# Boilies haltbar machen !!!



## Masterfischer (4. Oktober 2005)

Hallo,
ich habe vor mir dieses Vakkuumiergerät zu leisten http://www.jet-o-vac.com/jetovac.htm. Ich bzw. Wir(meine Mutter und ich) besitzen nichts(aßer einem kleinen Gefrierfach : dies ist aber voll mit Essen) wo wir die Dinger einfrieren könnten. Nun meine Frage: Wie lange halten sich die Boilies, wenn sie vakuumiert sind und nicht eingefroren werden ? #c  Kann ich die Boilies auch an nem dunklen und kühlen Ort lagern ?#c  Geld für einen Gefrierschrank(oder änlichem) habe ich nicht.
Bitte helft mir  !

Petri Masterfischer


----------



## Stefan6 (4. Oktober 2005)

*AW: Boilies haltbar machen !!!*

Moin Masterfischer

Von Top Secret gibt es KONSERVIT,damit kann man Boilies haltbar machen.Hab damit meine Boilies auch gemacht,halten Monate an einem kühlen Ort(Keller).#6


----------



## Masterfischer (4. Oktober 2005)

*AW: Boilies haltbar machen !!!*

Ich hbae mal gehört das die Boilies dann nach Krankenhaus und nicht mehr nach z.B. Vanille bei einem Vanilleboilie duften ? 

Petri Masterfischer


----------



## MrTom (4. Oktober 2005)

*AW: Boilies haltbar machen !!!*



			
				Masterfischer schrieb:
			
		

> Ich hbae mal gehört das die Boilies dann nach Krankenhaus und nicht mehr nach z.B. Vanille bei einem Vanilleboilie duften ?
> 
> Petri Masterfischer


Der Geruch ändert sich nicht aber der Geschmack, die Mumpeln werden bitter  
Eine Alternative für dich wäre das Durchtrocknen der Boilies, einfach trocknen lassen bis sie bretthart sind.


----------



## Stefan6 (4. Oktober 2005)

*AW: Boilies haltbar machen !!!*



			
				Masterfischer schrieb:
			
		

> Ich hbae mal gehört das die Boilies dann nach Krankenhaus und nicht mehr nach z.B. Vanille bei einem Vanilleboilie duften ?
> 
> Petri Masterfischer


 

Gefangen hab ich trotzdem,vielleicht lag es daran,das ich fischige Aromen verwendet habe.


----------



## Masterfischer (4. Oktober 2005)

*AW: Boilies haltbar machen !!!*



			
				MrTom schrieb:
			
		

> Eine Alternative für dich wäre das Durchtrocknen der Boilies, einfach trocknen lassen bis sie bretthart sind.

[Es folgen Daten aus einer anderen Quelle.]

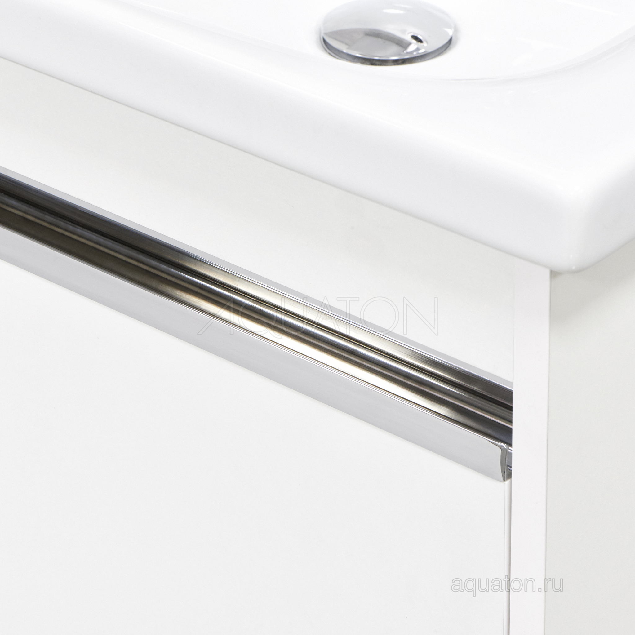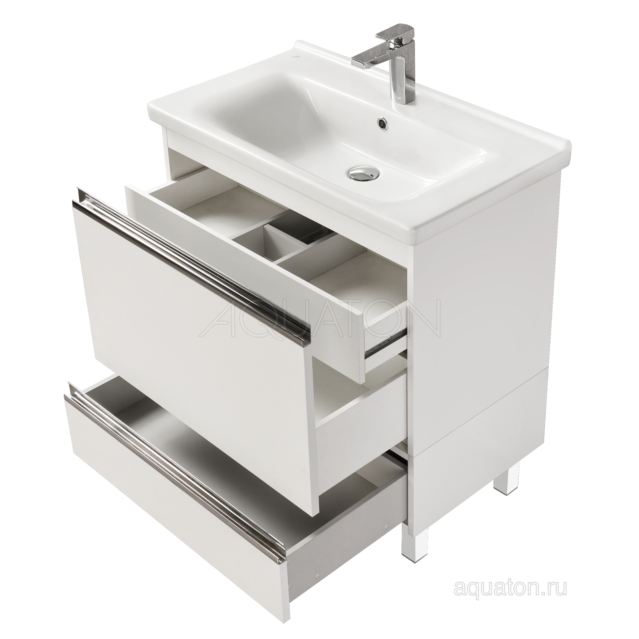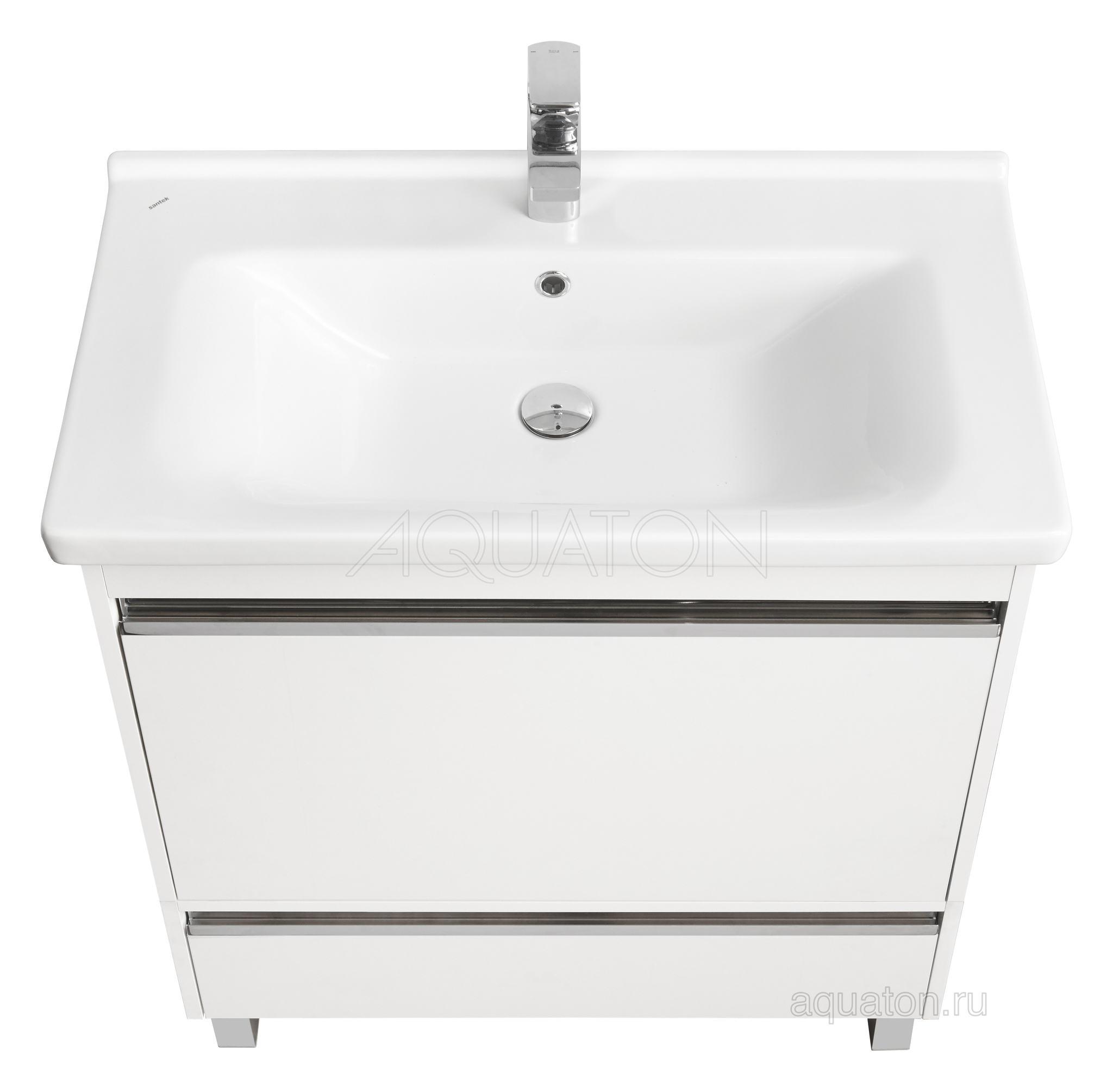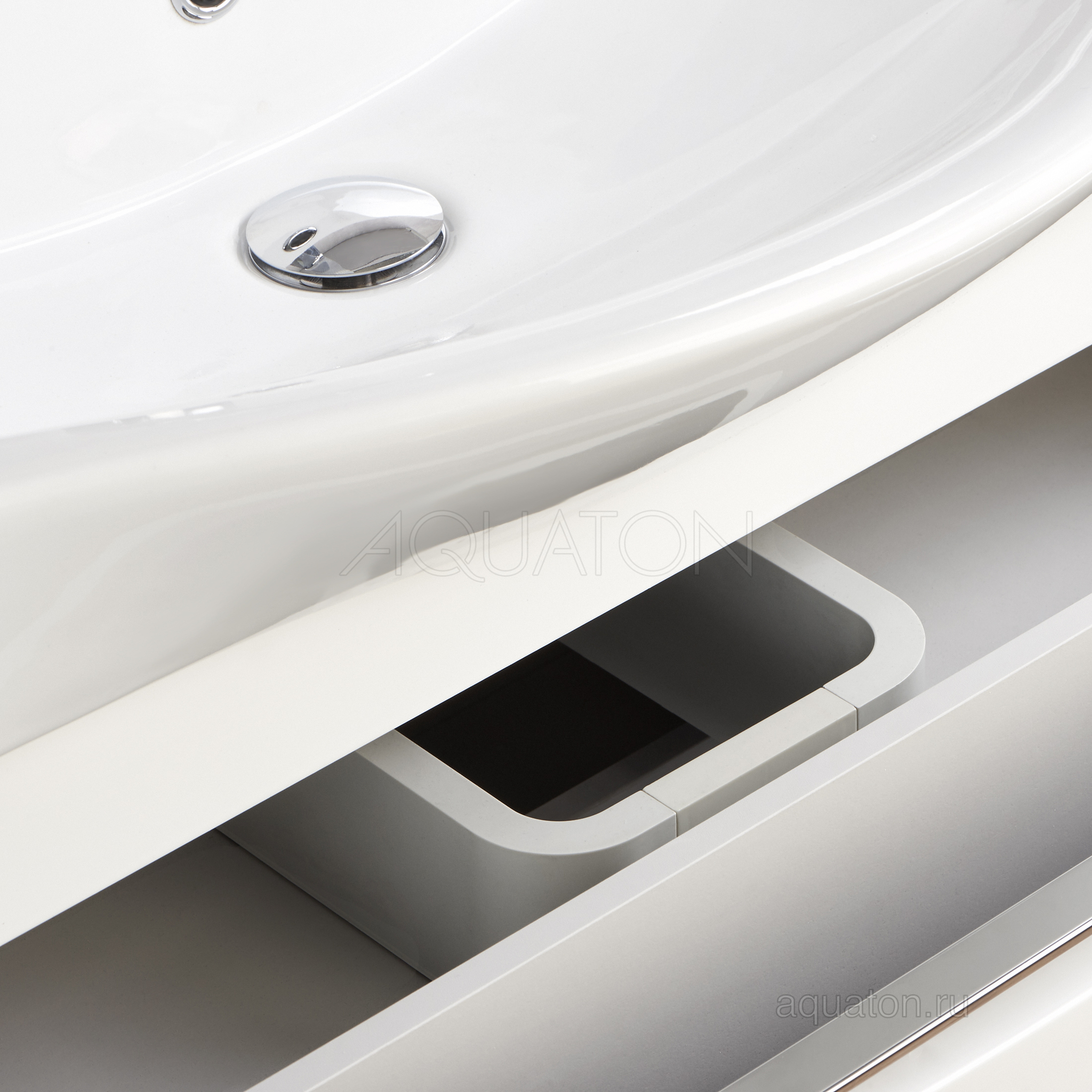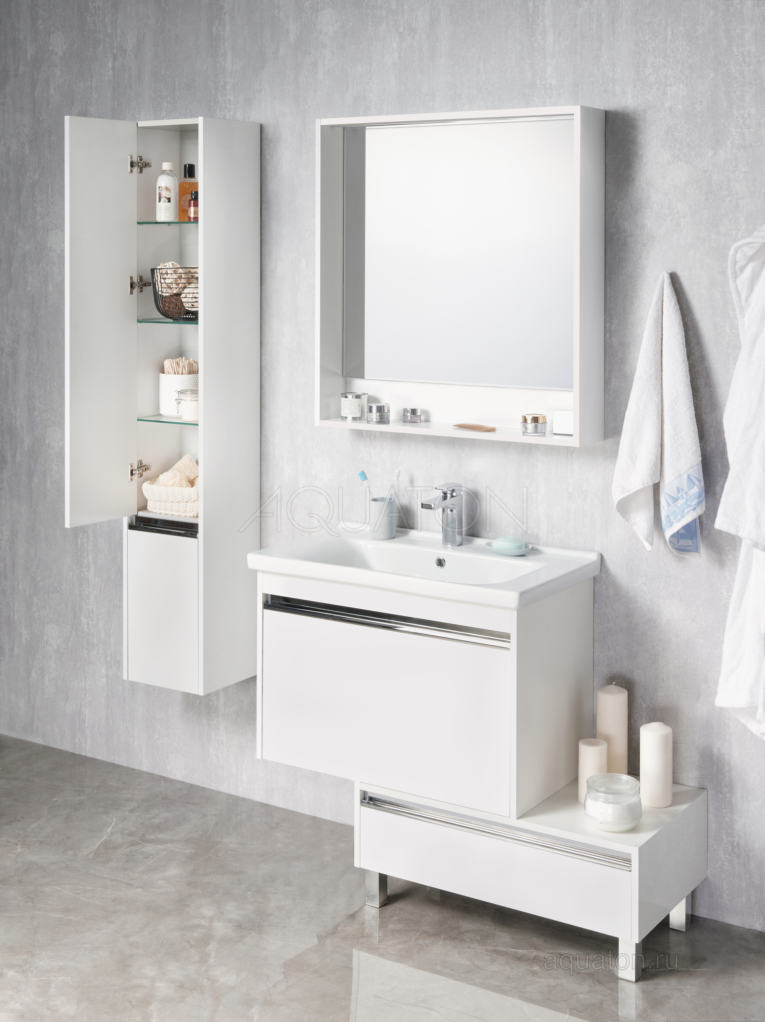 Широкая тумба под раковину Капри 80 от AQUATON в цвете белый глянец отражает современные тенденции в дизайне мебели для ванных комнат: минимализм в чистом виде с простыми и понятными формами, отсутствие лишних деталей, удобные профильные ручки, интегрированные в фасад. Корпус и фасады выполнены из влагостойкой ЛДСП и покрыты глянцевой краской. Тумба предлагает удобную систему хранения, что особенно актуально для тех, кто ценит порядок во всем. Модель оборудована двумя вместительными ящиками. Комфорт и удобство при использовании гарантируют направляющие с доводчиками и интегрированная система плавного закрывания. В качестве дополнения к подвесной тумбе предлагается дополнительный комод на ножках, который может быть установлен как непосредственно под тумбой, так и со смещением влево или вправо.

Dann trotzdem noch Vakuumieren oder geht da auch einschweißen(mittels eines Folienschweißgerätes) oder etwa garnicht ?

Petri Masterfischer


----------



## Carpfighter (4. Oktober 2005)

*AW: Boilies haltbar machen !!!*

Also konservierer würd ich lassen!
Also wenn du di boilies vakumieren willst dan tipp boilies rollen dan in tüten packen zu schweisen dan kleines loch in ecke in mikrowelle so n paar minuten garen bis si schön heiß sin nacher  di  ecke zuschweisen und in eien raum mit gleichbleibender temp legen!
Warme temp zieht sich zusammn so vakkum! -1jahr 
Oder boilies rollen +kochen ein wenig trocknen und dan vakuumieren + einschweisen!

Lg Carpfighter


----------



## Siff-Cop (5. Oktober 2005)

*AW: Boilies haltbar machen !!!*



			
				Carpfighter schrieb:
			
		

> ......................Warme temp zieht sich zusammn so vakkum! -1jahr


Hallo Carpfighter

Ok das hört sich ja ganz gut an mit deinem Tip.
Aber Warme temperaturen ziehen nichts zusammen ist genau anders herum es dehnt sich aus. Daß funktioniert dann so das du es erwärmst und sich das Volumen in der Tüte ausdehnt. Und wenn du dann nocheinmal evakuuierst und das rest Volumen sich dann noch abkühlt zieht es sich zusammen.
Aber das hast du bestimmt auch gedacht aber nicht geschrieben, ne.:q 
also bis densen


----------



## BadPoldi (5. Oktober 2005)

*AW: Boilies haltbar machen !!!*

Hi,

salz oder zucker ist ne günstige alternative...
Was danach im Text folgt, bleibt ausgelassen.